Apparently, Kerr is not the only Tory MSP to go through this bizarre rite of passage. Brian Whittle reveals he too is an adrenaline junkie, having had a go in an HGV in his own patch. “Like my colleague Liam Kerr, I have taken the opportunity to get into one of those 44-tonne lorries and drive down the A77 – rather, I have been driven down it; it would have been scary had I been driving – and it was quite frightening.” So, not quite the death-defying experience Kerr had, just “quite frightening”. Or maybe Whittle is made of stronger stuff.

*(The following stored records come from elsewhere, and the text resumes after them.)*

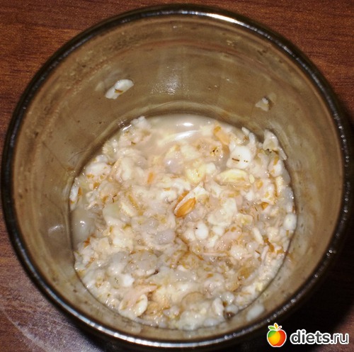 Завариваем наши хлопья кипятком (или варим кашу, если у вас это требуется).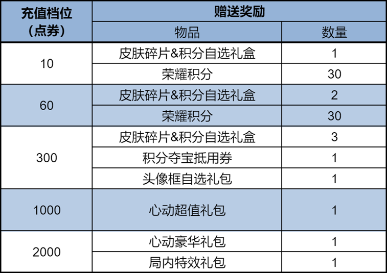 皮肤碎片&积分自选礼盒:打开礼包可任意选择以下奖励之一:荣耀积分*10或皮肤碎片*1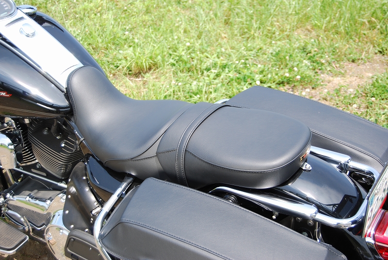 ※ご注文に際しては装着車両モデル・年式の確認が必要です。注文備考欄に入力をお願いします。2008年以降のツーリングファミリーのソロシート、スーパーローシートに対応するペアライドシートです。取り付け、取り外しがボルト一本で簡単に行えますので、シチュエーションに応じてソロツーリング、タンデムツーリングを楽しむことができます。高品質のインジェクションスポンジを使用していますから、適度はコシと柔らかさを保っています。型くずれせず、長くご愛用いただけます。●特徴:プレーンの黒レザーを使用し、縫い合わせラインはステッチ仕上げです。タンデムベルトは標準装備ですが、取り外し可能です。●ご注意:*ソロシートのフェンダー側取り付けナットが標準のナットの場合、ペアライドシート取り付けには別売りの〈P-58〉シートナットマウンティングが必要です。*車両により純正のボルト他が必要になる場合があります。*2008年のFLHTC/FLHTCUへの取り付けの場合は、ツアーパックと取付ステーを外してください。干渉があり、そのままでは取付ができません。2009年以降は併用可能です。*純正のオプションパーツ≪クローム4チャンネルラゲッジラック(53341-97A)≫との併用はできません。*CVOに装着する場合、シートベースと干渉する為、リアフェンダー上のモール3本を取り外していただく必要があります。モールは両面テープで固定されていますので、温めてからお取り外し下さい。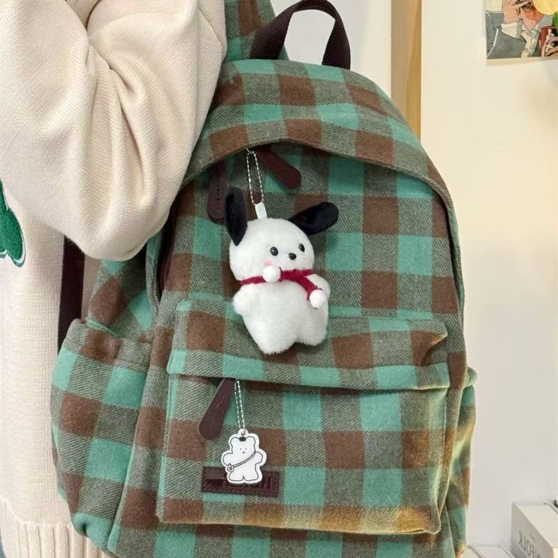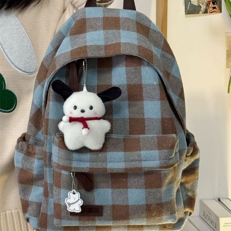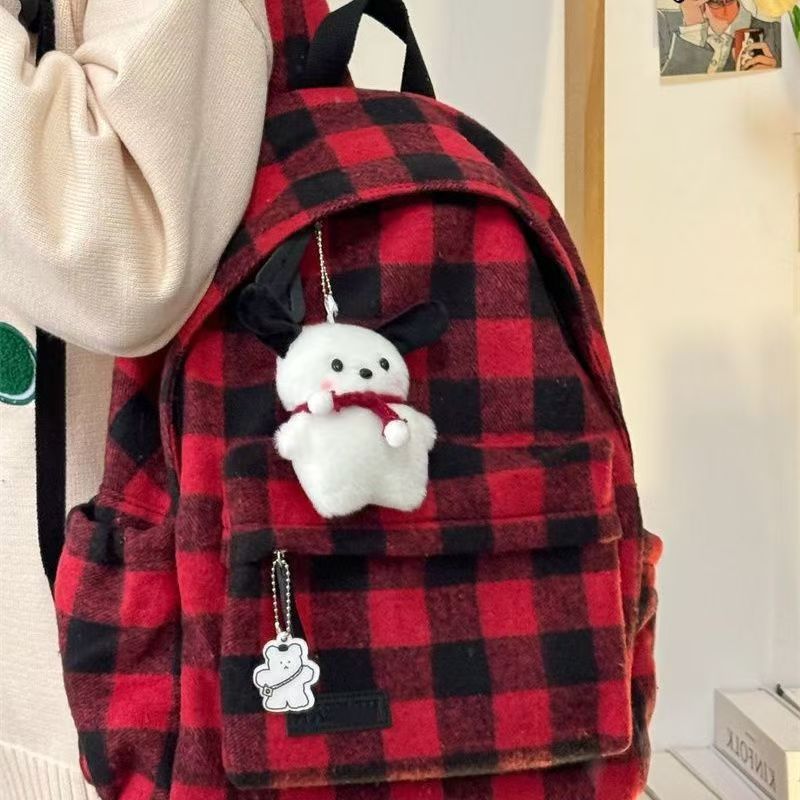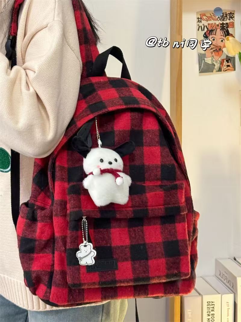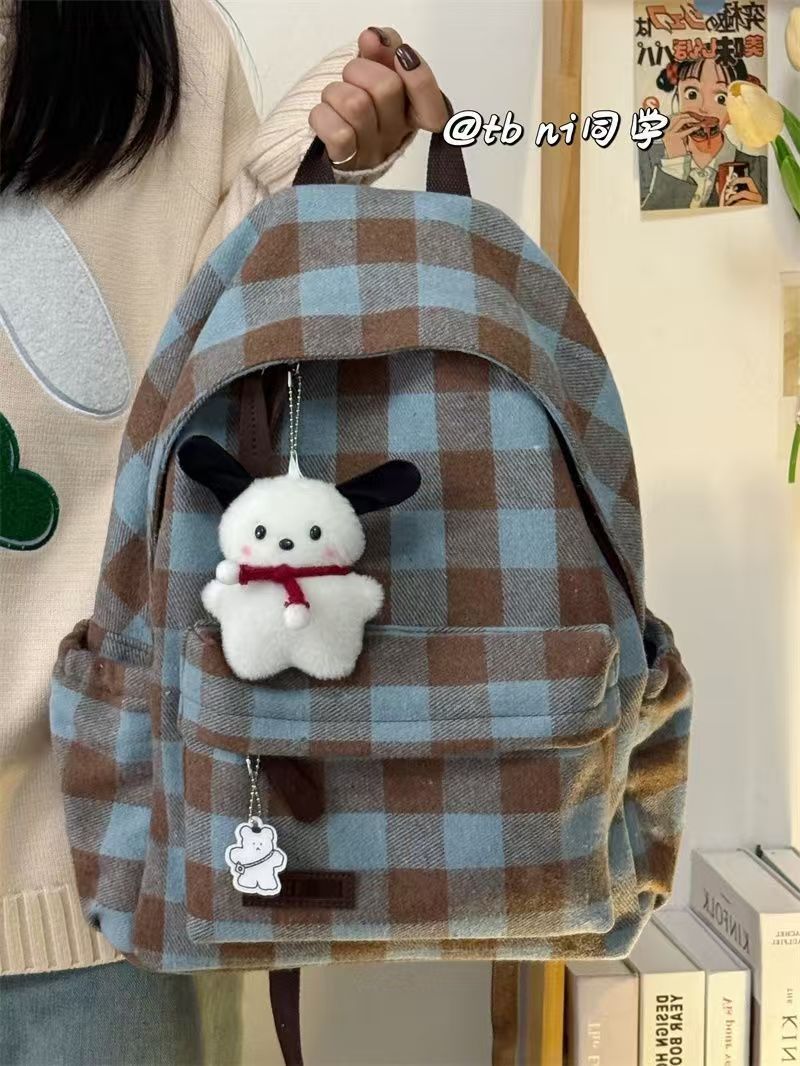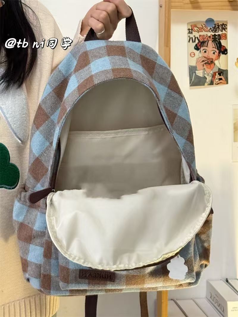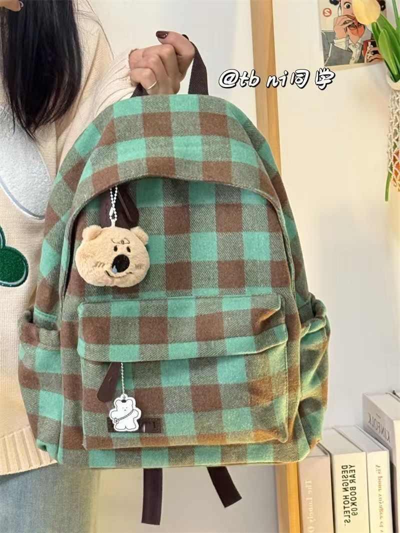 2024年冬季格子帆布背包女中学生初中生双肩包大学生简约可爱书包

Perhaps this is a new vetting procedure being rolled out by the Scottish Conservatives. A way to test their mettle. If they can’t do a terrifying ride in an HGV, they aren’t fit for parliament. Real men (and women) drive trucks. Or at least are a passenger in them.

Hyslop, being a member of the SNP, does not take up Kerr’s offer. She does, however, take the time to blame Liz Truss and Kwasi Kwarteng for the state of Scotland’s roads. Never mind the fact transport is devolved and many of the problems being discussed predate their short tenure in Downing Street. Why let facts get in the way?

Other MSPs take the opportunity to talk about local roads. Christine Grahame speaks about some parts of her constituency being “a bit of a rat run”, then treats the chamber to a brief history of road taxes. This was precisely as dull as it sounds.

Finlay Carson declares an interest in the debate because he lives next to the A75. Do all MSPs have to declare what street they live on now?

Douglas Lumsden welcomes the start of “pothole season”. He then accuses the SNP of allowing “extremists from the Green Party to seize control of roads”, as though Patrick Harvie is some kind of weird highwayman in a tweed waistcoat, shouting ‘your taxes or your life’.

That revelation riled up Tim Eagle, who uses his speech to tell everyone how raging he is at the Greens. “Nothing makes my blood boil more than picking up a national paper to find an inner-city member of the Green Party telling me that I am not allowed the dualling of the A96,” he says. He regularly hulks out over his breakfast cereal because of it. And worst of all, not a single Green MSP is in the room to hear about how furious they make him. Maybe they’ve just gone on a truck ride of their own, thrill seekers that they are.